O acordo das urnas

Tudo vale para aprovar uma reforma trabalhista que esmaga as poucas defesas a que os trabalhadores têm direito? Ou a desumana proposta de tornar inalcançável o direito à aposentadoria para trabalhadores mais pobres? Ou, ainda, para manter os lucros financeiros frente à queda da produção? É esta sociedade excludente e profundamente desigual que pretendem impor ao povo brasileiro, pisoteando a democracia, com Temer no governo ou patrocinando um acordo dentro de um Congresso de baixa credibilidade e igualmente rejeitado pela população?

Brasília - Polícia Militar e manifestantes entram em confronto na Esplanada dos Ministérios durante protesto contra o governo do presidente Temer e reformas trabalhista e da Previdência (Marcelo Camargo/Agência Brasil)
Brasília - Polícia Militar e manifestantes entram em confronto na Esplanada dos Ministérios durante protesto contra o governo do presidente Temer e reformas trabalhista e da Previdência (Marcelo Camargo/Agência Brasil) (Foto: Pepe Vargas)

É lamentável o silêncio das entidades empresariais frente aos crimes comprovados de Michel Temer. Ouviu-se à exaustão o diálogo com o empresário corruptor. A gravação foi adulterada? Também suas declarações explicativas sobre o encontro furtivo, onde admite as narrativas ilícitas do interlocutor?

Este silêncio contrasta com o apoio ativo na deposição de Dilma Rousseff. Inadmissíveis os decretos de suplementação orçamentária, as “pedaladas ficais”, que embasaram a retórica do crime de responsabilidade de Dilma. Já os crimes de Temer, obstrução à justiça, organização criminosa e corrupção passiva, denunciados pelo Procurador Geral da República, não as sensibilizam.

Esta abstenção revela uma ética instrumental e um compromisso de ocasião com a democracia. Para implantar sua agenda – as reformas que retiram direitos dos trabalhadores e a política macroeconômica monetarista – ajudaram a derrubar a mandatária sem crime e eleita pelo voto popular, mas mantêm um silêncio ensurdecedor frente aos crimes nos quais foi flagrado Michel Temer, desde que ele faça andar a “agenda das reformas”.

Tudo vale para aprovar uma reforma trabalhista que esmaga as poucas defesas a que os trabalhadores têm direito? Ou a desumana proposta de tornar inalcançável o direito à aposentadoria para trabalhadores mais pobres?

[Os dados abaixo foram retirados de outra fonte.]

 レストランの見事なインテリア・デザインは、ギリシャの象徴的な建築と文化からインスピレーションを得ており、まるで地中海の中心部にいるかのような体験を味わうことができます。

Ou, ainda, para manter os lucros financeiros frente à queda da produção? É esta sociedade excludente e profundamente desigual que pretendem impor ao povo brasileiro, pisoteando a democracia, com Temer no governo ou patrocinando um acordo dentro de um Congresso de baixa credibilidade e igualmente rejeitado pela população?

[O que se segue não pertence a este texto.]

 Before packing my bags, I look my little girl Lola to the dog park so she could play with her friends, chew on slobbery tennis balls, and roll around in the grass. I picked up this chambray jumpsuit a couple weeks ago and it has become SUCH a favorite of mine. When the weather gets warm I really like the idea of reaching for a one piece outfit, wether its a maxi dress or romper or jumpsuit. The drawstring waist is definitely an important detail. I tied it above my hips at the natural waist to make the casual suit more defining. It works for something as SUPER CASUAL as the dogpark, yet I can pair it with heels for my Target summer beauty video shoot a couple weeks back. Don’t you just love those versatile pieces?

Não sem resistência. O que virá a seguir, uma nova ditadura? A saída da crise não é o acordo dentro do Congresso protegido por tropas militares. A estabilidade política e econômica só virá com a normalidade democrática. Só a legitimidade das urnas dará condições morais para um novo governo implantar medidas políticas, econômicas e sociais que pactuar com o povo no processo eleitoral.